PROBLEM DESCRIPTION:
Reproduce the records word for word, leaving out any pictures they hold.

DATASET EXCERPTS:

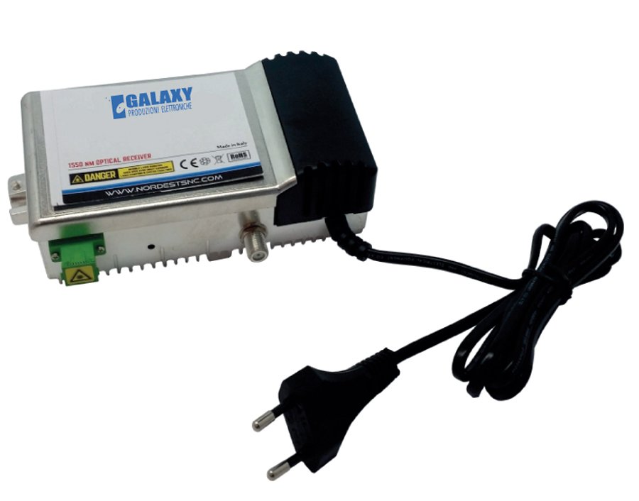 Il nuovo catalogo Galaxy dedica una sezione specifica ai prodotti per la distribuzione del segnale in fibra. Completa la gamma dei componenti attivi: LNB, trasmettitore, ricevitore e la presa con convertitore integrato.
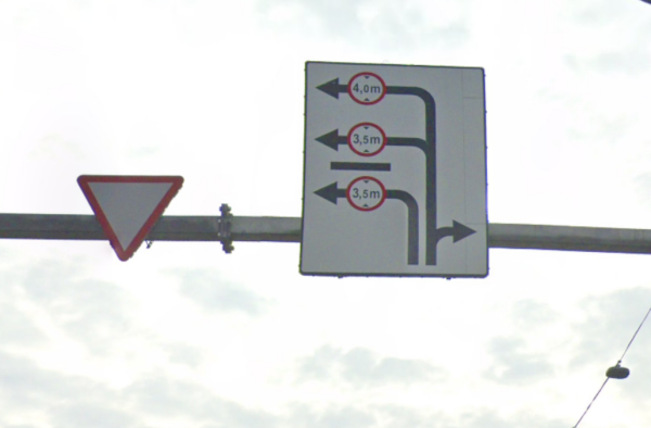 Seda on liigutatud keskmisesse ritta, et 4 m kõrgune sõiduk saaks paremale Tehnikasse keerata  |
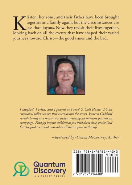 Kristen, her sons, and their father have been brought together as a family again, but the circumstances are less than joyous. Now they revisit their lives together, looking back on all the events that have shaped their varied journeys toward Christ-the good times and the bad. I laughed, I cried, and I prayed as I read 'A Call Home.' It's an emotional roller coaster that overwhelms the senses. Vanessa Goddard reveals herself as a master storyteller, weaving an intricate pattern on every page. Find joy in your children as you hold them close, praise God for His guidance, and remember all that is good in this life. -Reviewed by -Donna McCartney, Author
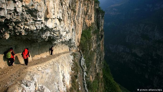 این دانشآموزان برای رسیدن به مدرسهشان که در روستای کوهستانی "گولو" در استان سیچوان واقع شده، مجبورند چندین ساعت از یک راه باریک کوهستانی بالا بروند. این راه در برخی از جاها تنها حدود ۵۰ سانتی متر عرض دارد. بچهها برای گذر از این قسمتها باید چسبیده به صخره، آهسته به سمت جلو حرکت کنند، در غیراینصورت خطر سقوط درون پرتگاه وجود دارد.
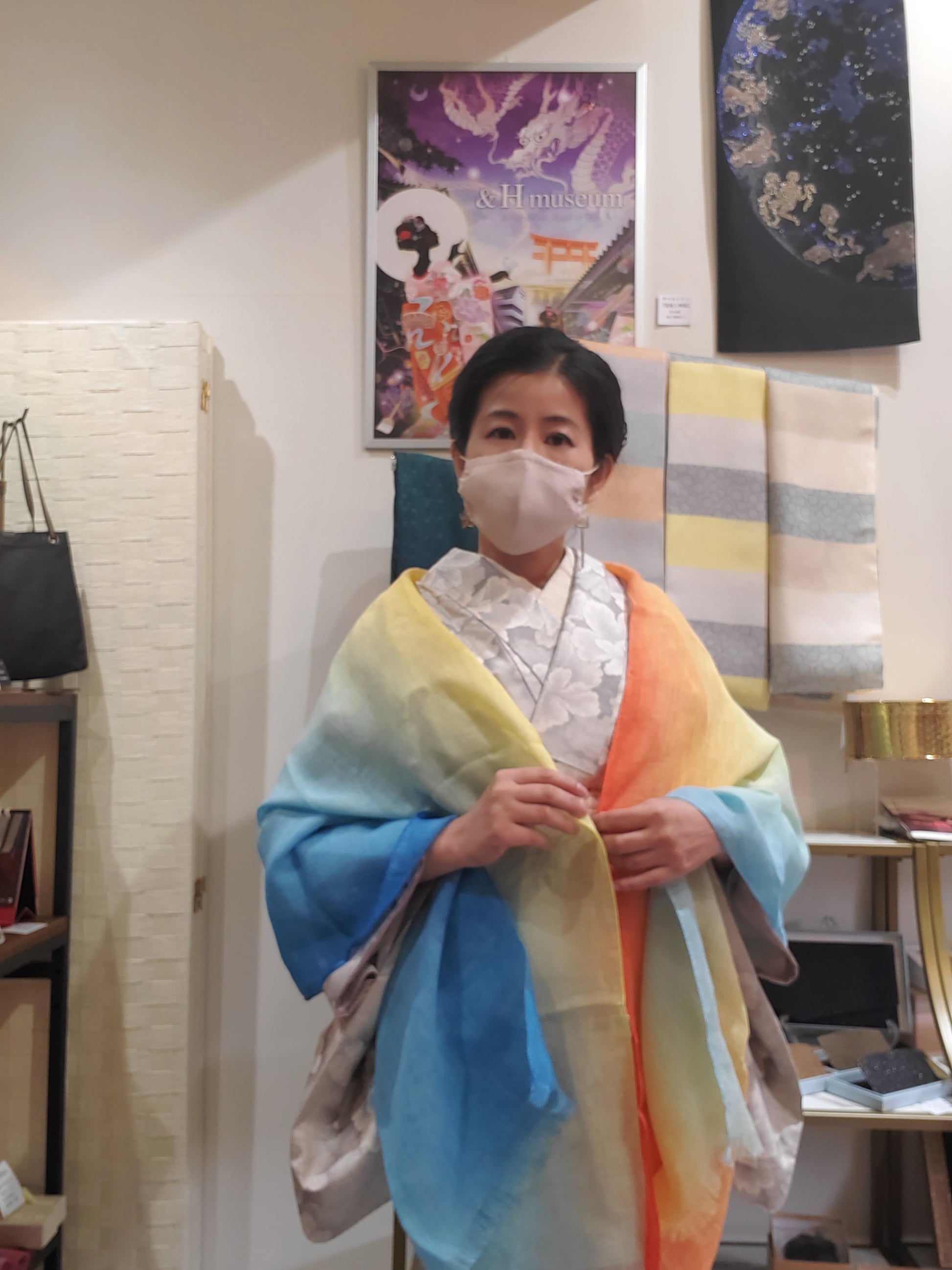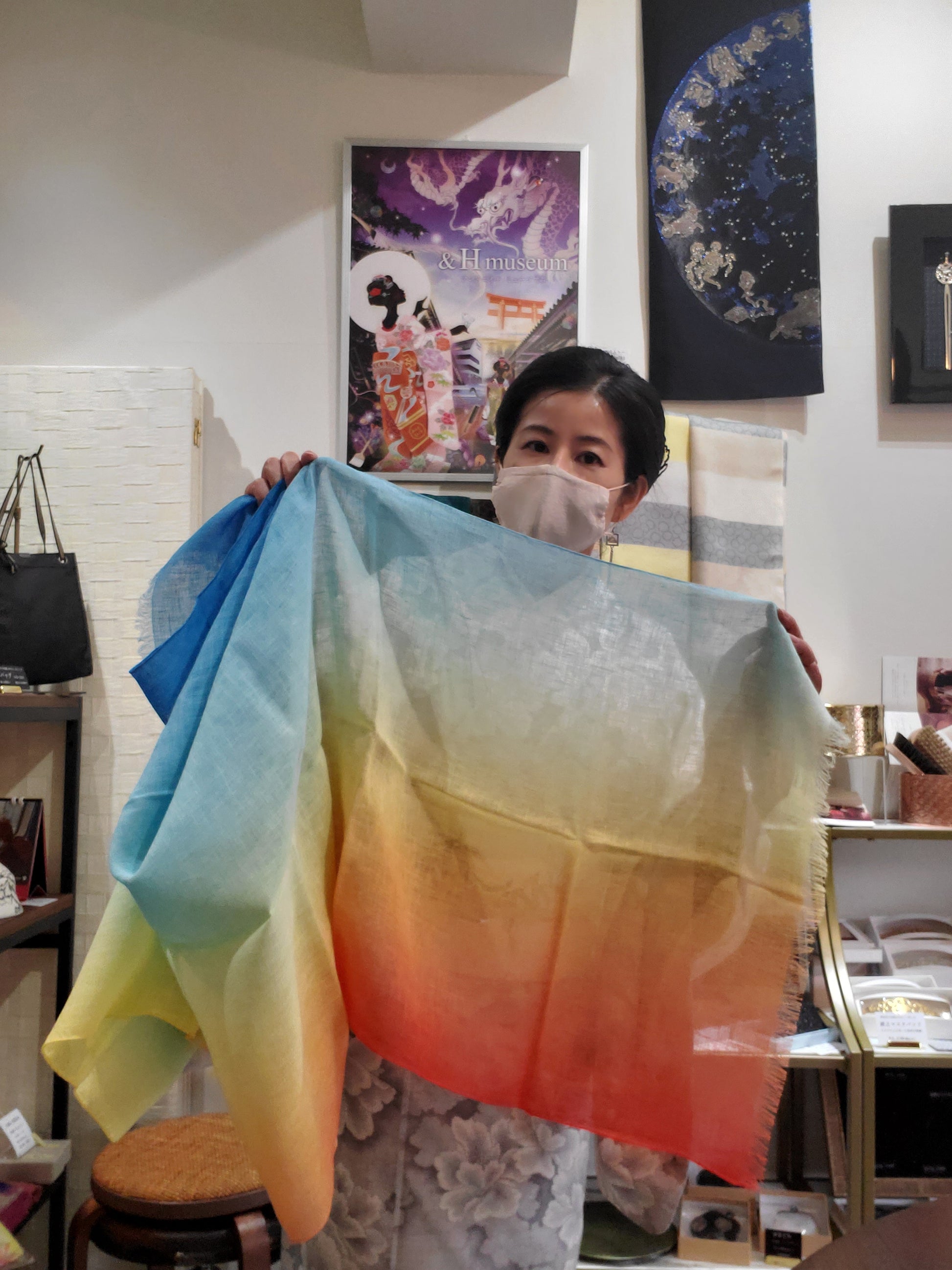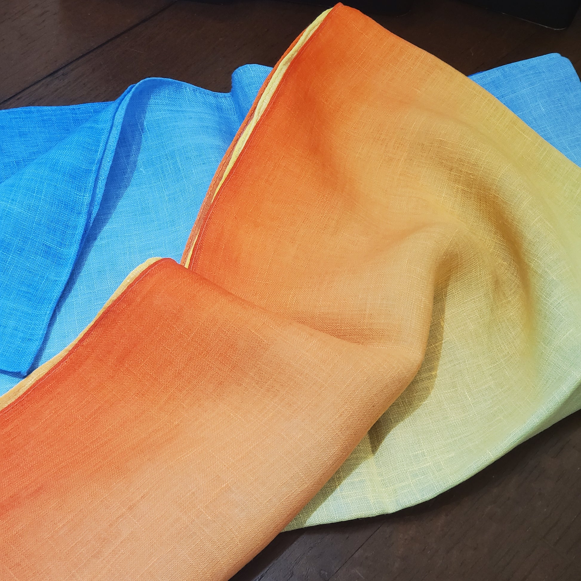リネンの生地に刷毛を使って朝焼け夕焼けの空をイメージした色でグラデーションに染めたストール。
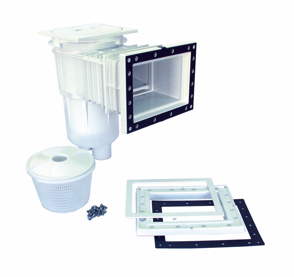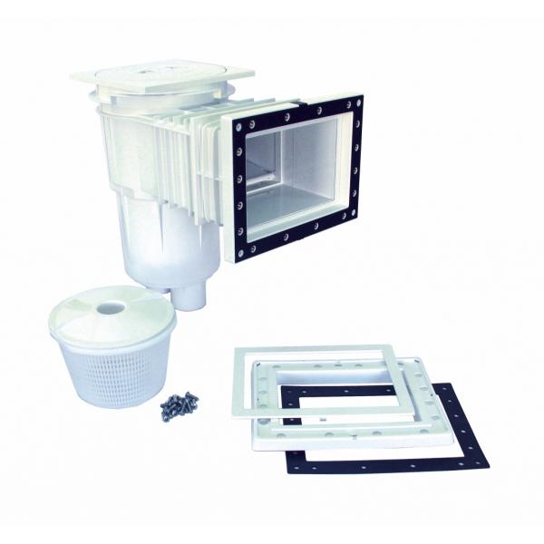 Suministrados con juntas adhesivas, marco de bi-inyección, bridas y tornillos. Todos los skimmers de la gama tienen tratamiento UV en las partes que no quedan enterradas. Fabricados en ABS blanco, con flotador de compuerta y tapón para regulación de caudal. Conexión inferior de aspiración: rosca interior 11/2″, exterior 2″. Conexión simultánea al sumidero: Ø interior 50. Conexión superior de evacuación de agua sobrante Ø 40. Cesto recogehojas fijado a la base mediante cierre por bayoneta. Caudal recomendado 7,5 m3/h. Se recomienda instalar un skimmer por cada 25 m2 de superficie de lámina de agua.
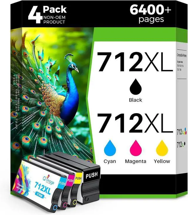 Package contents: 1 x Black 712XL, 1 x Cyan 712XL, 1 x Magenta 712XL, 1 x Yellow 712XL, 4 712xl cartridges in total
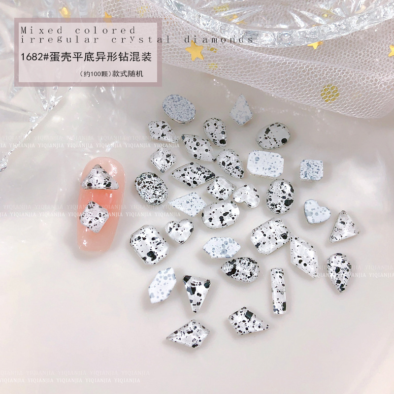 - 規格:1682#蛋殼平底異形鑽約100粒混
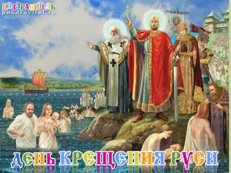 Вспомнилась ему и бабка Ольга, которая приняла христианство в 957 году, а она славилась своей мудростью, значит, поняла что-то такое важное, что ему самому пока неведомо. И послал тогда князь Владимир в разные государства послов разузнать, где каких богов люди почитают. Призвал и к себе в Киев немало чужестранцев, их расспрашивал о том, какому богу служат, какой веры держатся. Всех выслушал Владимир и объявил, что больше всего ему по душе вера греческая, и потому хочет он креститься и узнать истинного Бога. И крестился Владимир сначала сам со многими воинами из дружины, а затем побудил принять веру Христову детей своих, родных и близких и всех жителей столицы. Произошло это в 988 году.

FINISHED TASK:
 Il nuovo catalogo Galaxy dedica una sezione specifica ai prodotti per la distribuzione del segnale in fibra. Completa la gamma dei componenti attivi: LNB, trasmettitore, ricevitore e la presa con convertitore integrato.
 Seda on liigutatud keskmisesse ritta, et 4 m kõrgune sõiduk saaks paremale Tehnikasse keerata  |
 Kristen, her sons, and their father have been brought together as a family again, but the circumstances are less than joyous. Now they revisit their lives together, looking back on all the events that have shaped their varied journeys toward Christ-the good times and the bad. I laughed, I cried, and I prayed as I read 'A Call Home.' It's an emotional roller coaster that overwhelms the senses. Vanessa Goddard reveals herself as a master storyteller, weaving an intricate pattern on every page. Find joy in your children as you hold them close, praise God for His guidance, and remember all that is good in this life. -Reviewed by -Donna McCartney, Author
 این دانشآموزان برای رسیدن به مدرسهشان که در روستای کوهستانی "گولو" در استان سیچوان واقع شده، مجبورند چندین ساعت از یک راه باریک کوهستانی بالا بروند. این راه در برخی از جاها تنها حدود ۵۰ سانتی متر عرض دارد. بچهها برای گذر از این قسمتها باید چسبیده به صخره، آهسته به سمت جلو حرکت کنند، در غیراینصورت خطر سقوط درون پرتگاه وجود دارد.
リネンの生地に刷毛を使って朝焼け夕焼けの空をイメージした色でグラデーションに染めたストール。
 Suministrados con juntas adhesivas, marco de bi-inyección, bridas y tornillos. Todos los skimmers de la gama tienen tratamiento UV en las partes que no quedan enterradas. Fabricados en ABS blanco, con flotador de compuerta y tapón para regulación de caudal. Conexión inferior de aspiración: rosca interior 11/2″, exterior 2″. Conexión simultánea al sumidero: Ø interior 50. Conexión superior de evacuación de agua sobrante Ø 40. Cesto recogehojas fijado a la base mediante cierre por bayoneta. Caudal recomendado 7,5 m3/h. Se recomienda instalar un skimmer por cada 25 m2 de superficie de lámina de agua.
 Package contents: 1 x Black 712XL, 1 x Cyan 712XL, 1 x Magenta 712XL, 1 x Yellow 712XL, 4 712xl cartridges in total
 - 規格:1682#蛋殼平底異形鑽約100粒混
 Вспомнилась ему и бабка Ольга, которая приняла христианство в 957 году, а она славилась своей мудростью, значит, поняла что-то такое важное, что ему самому пока неведомо. И послал тогда князь Владимир в разные государства послов разузнать, где каких богов люди почитают. Призвал и к себе в Киев немало чужестранцев, их расспрашивал о том, какому богу служат, какой веры держатся. Всех выслушал Владимир и объявил, что больше всего ему по душе вера греческая, и потому хочет он креститься и узнать истинного Бога. И крестился Владимир сначала сам со многими воинами из дружины, а затем побудил принять веру Христову детей своих, родных и близких и всех жителей столицы. Произошло это в 988 году.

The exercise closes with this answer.